XU Zewei, 34, a Chinese national alleged to be a member of the Silk Typhoon hacking group, has been extradited to the U.S. from Italy. He was arrested in July 2025 by Italian authorities for his alleged links to the Chinese state‑sponsored threat group and for orchestrating cyber attacks against American organisations and government agencies between February 2020 and June 2021, including breaches at a Texas university to steal COVID‑19 vaccine information.
He faces nine counts of wire fraud and conspiracy to damage or obtain information by unauthorized access to protected computers, as well as aggravated identity theft. Xu, who worked for Shanghai Powerock Network Co.

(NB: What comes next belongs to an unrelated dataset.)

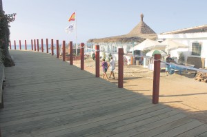 Esta semana han empezado a colocarse las primeras tablas y barandillas que conformarán el camino en uno de los cuatro tramos en los que está dividida la obra, que marcha al ritmo esperado
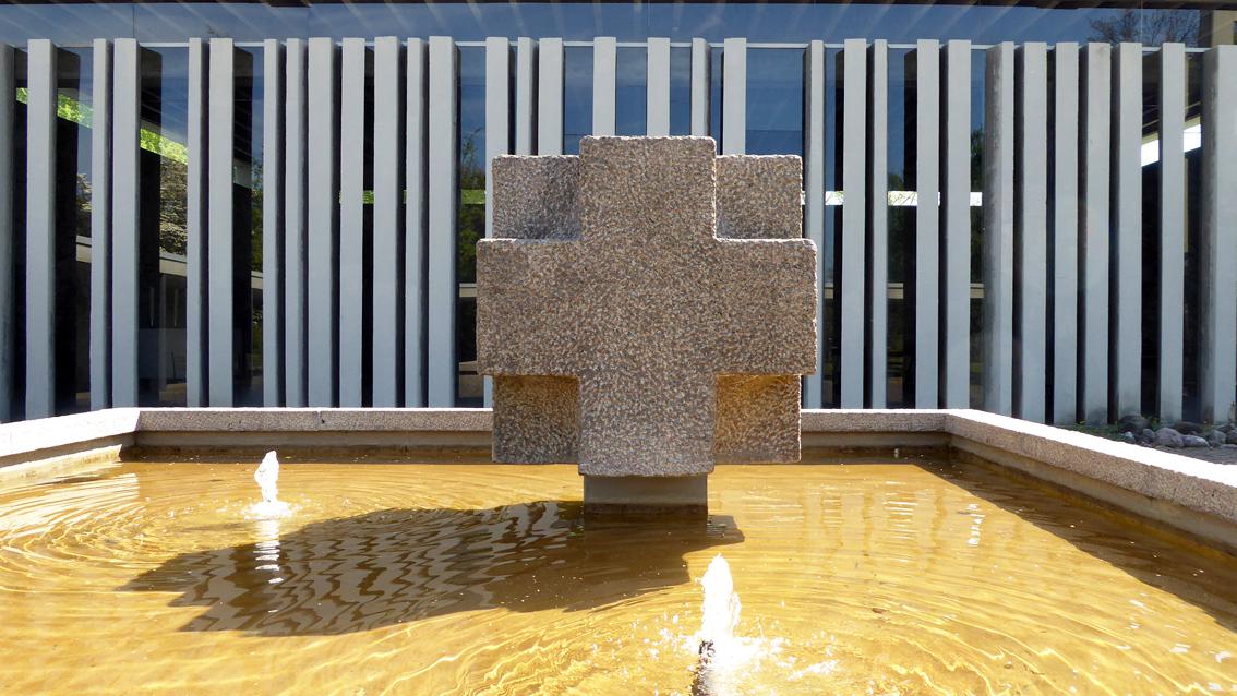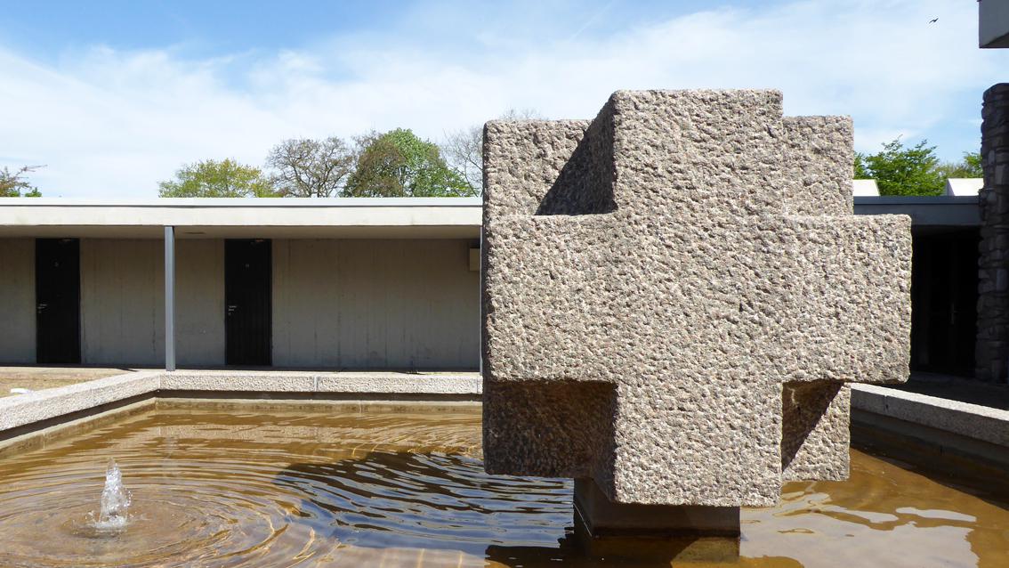 Rainer Disse war ein Schüler von Egon Eiermann an der Architekturfakultät der damaligen Technischen Hochschule Karlsruhe, dem heutigen KIT. In den 60er Jahren des letzten Jahrhunderts machte er sich als Sakralbauarchitekt in Süddeutschland einen Namen. Zwischen 1961 und 1964 entwarf und realisierte er die Kapelle und den Würfelkreuz-Brunnen des Hauptfriedhofs in Neureut. Die Brunnenanlage besteht aus einem markanten Würfelkreuz aus Gertelbachgranit (ca. 170/170/170 cm) und zwei kleinen Fontänen, die das Wasser immer leicht in Bewegung halten. Architektur, Platz und Brunnen bilden ein harmonisches Ganzes, das Würde und Ruhe ausstrahlt. Rainer Disse verstarb im Jahre 2008 in Karlsruhe.

Ltd. at the time of the attacks, is said to have carried out operations under directions issued by the Ministry of State Security's Shanghai State Security Bureau, with some campaigns weaponising zero‑days in Microsoft Exchange Server, activity Microsoft tracked as Hafnium.

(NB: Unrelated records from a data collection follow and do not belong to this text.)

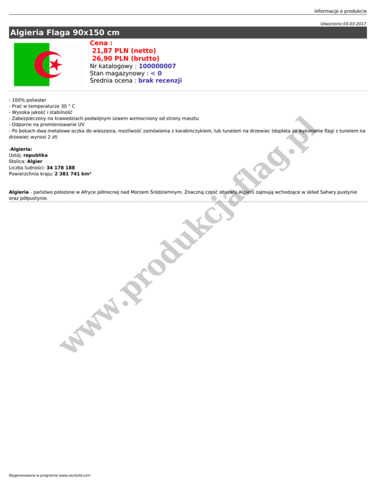 Informacje o produkcie Utworzono 03-03-2017 Algieria Flaga 90x150 cm Cena : 21,87 PLN (netto) 26,90 PLN (brutto) Nr katalogowy : 100000007 Stan magazynowy : < 0 Średnia ocena : brak recenzji .p l - 100% poliester - Prać w temperaturze 30 ° C - Wysoka jakość i stabilność - Zabezpieczony na krawedziach podwójnym szwem wzmocniony od strony masztu - Odporne na promieniowanie UV - Po bokach dwa metalowe oczka do wieszania, mozliwość zamówienia z karabinczykiem, lub tunelem na drzewiec (dopłata za wykonanie flagi z tunelem na drzewiec wynosi 2 zł) af la g -Algieria: Ustój: republika Stolica: Algier Liczba ludności: 34 178 188 Powierzchnia kraju: 2 381 741 km² w w w .p ro du kc j Algieria - państwo położone w Afryce północnej nad Morzem Śródziemnym. Znaczną część obszaru Algierii zajmują wchodzące w skład Sahary pustynie oraz półpustynie. Wygenerowano w programie www.oscGold.com
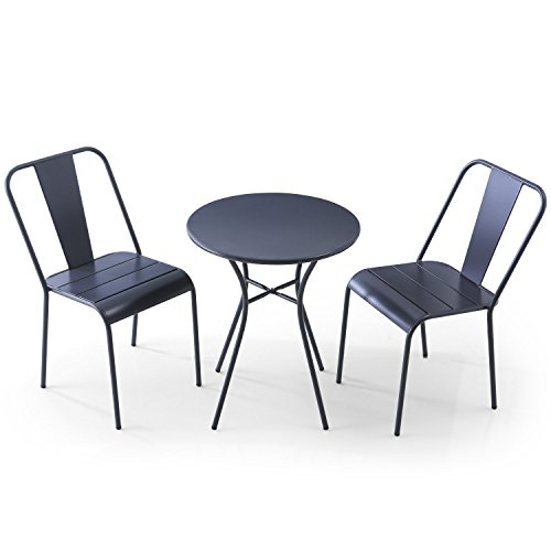 LOWYA (ロウヤ) ガーデンセット 3点セット 選べる4タイプ 雨に強い マットスチール スタッキングチェア コンパクト ガーデンテーブル Ctype ダークグレー
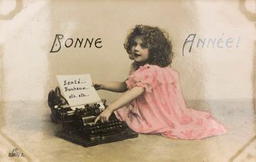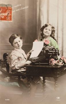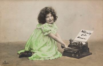 Illustrierte Postkarte; Fotografie, koloriert; Serie AE 2387/5 Rückseite: Mädchen am Boden sitzend mit Schreibmaschine; Briefmarke Postes Francaises 10c; Poststempel unleserlich Vorderseite: mit Schreibmaschine beschrieben, datiert 1.01.1908
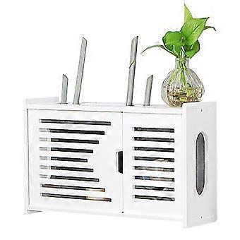 WiFi Router Shelf Wooden Wall Mounted Storage Box with Cable Concealment and Single Door – White
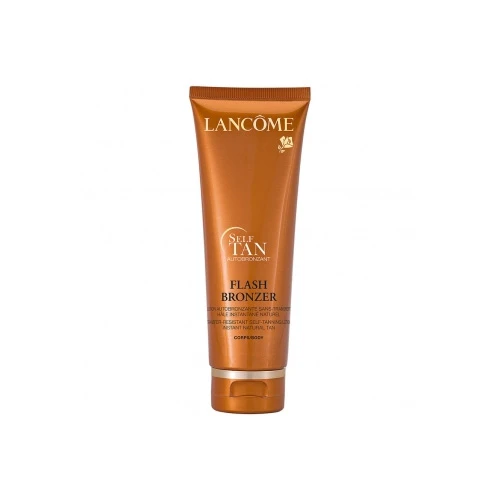 Lancôme crea la sua prima lozione per il corpo autoabbronzante Flash Bronzer. Si assorbe velocemente: effetto abbronzante per la tua pelle, non per i tuoi vestiti. Innovazione senza tracce: la sua formula colorata si applica rapidamente per assicurare un risultato ottimale e per permetterti di vestirti dopo solo qualche minuto. Benefici Come un raggio di sole illumina la pelle, la sua texture colorata guida l’applicazione per assicurarne l’uniformità. La sua formula, arricchita con agenti idratanti e Vitamina E, illumina la pelle di una bellezza sublime.
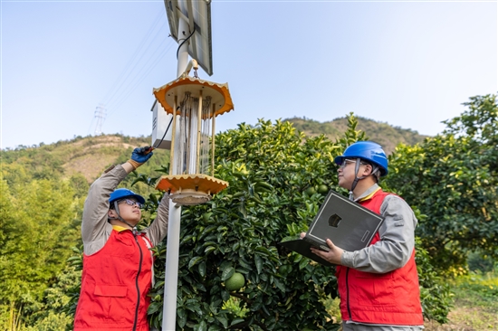 得知农户的情况后,2019年7月,国网温岭市供电公司箬横供电所利用树与树之间的有效空间,免费为菊香家庭农场安装了100多块太阳能光伏板,光伏板下连接杀虫灯,对害虫进行诱杀的同时,兼备照明的功能。“将农业生产和光伏发电结合起来,农户防虫、灭虫不受电源的限制,既减少了电缆铺设和维护的成本,也减少了农药的使用量和次数,提高了土地利用率,达到农业种植受益和能源发电效益的双赢。”箬横供电所相关负责人告诉记者,菊香家庭农场的光伏发电板全年可发电4万多度,为农户减少用电成本2万多元。
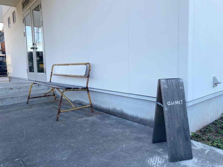 立山町にあるカフェ「CALMET」の外観はシンプル。アンティーク感のある看板が目に留まり、立ち寄りました。
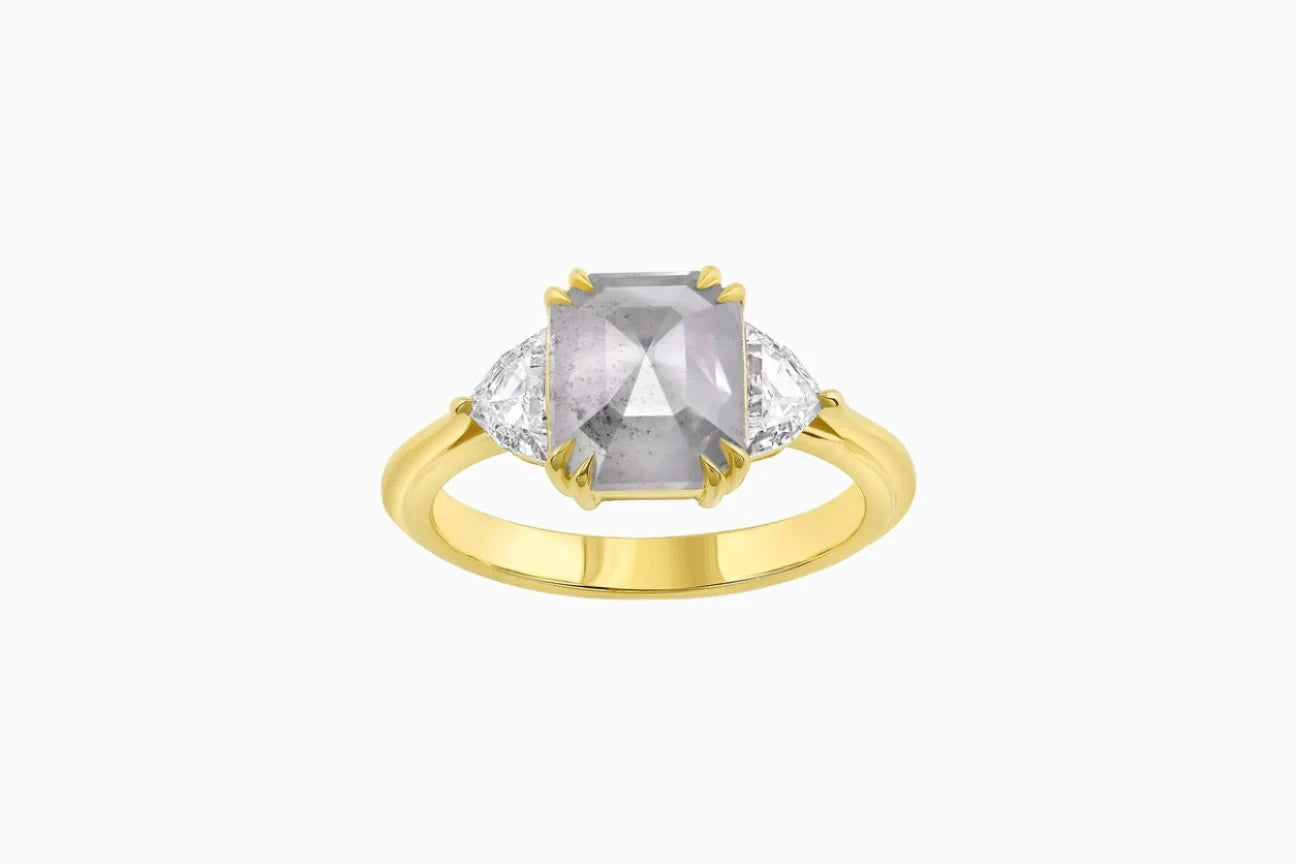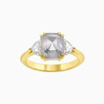 This ring features a 2.21ct silky gray emerald-cut salt and pepper diamond and is accented by two earth-mined epaulette-cut diamonds (G color, VS clarity) with a .51cttw. The ring is in 14k yellow gold and a size 5.5, but can be adjusted slightly if needed.

The DoJ notes that Powerock was among several “enabling” firms in China that conducted hacking operations for the government, and Zhang Yu remains at large. According to the DoJ, Xu and his co‑conspirators targeted U.S.-based universities, immunologists and virologists researching COVID‑19 vaccines, with offences including exploiting vulnerabilities in Microsoft Exchange Server.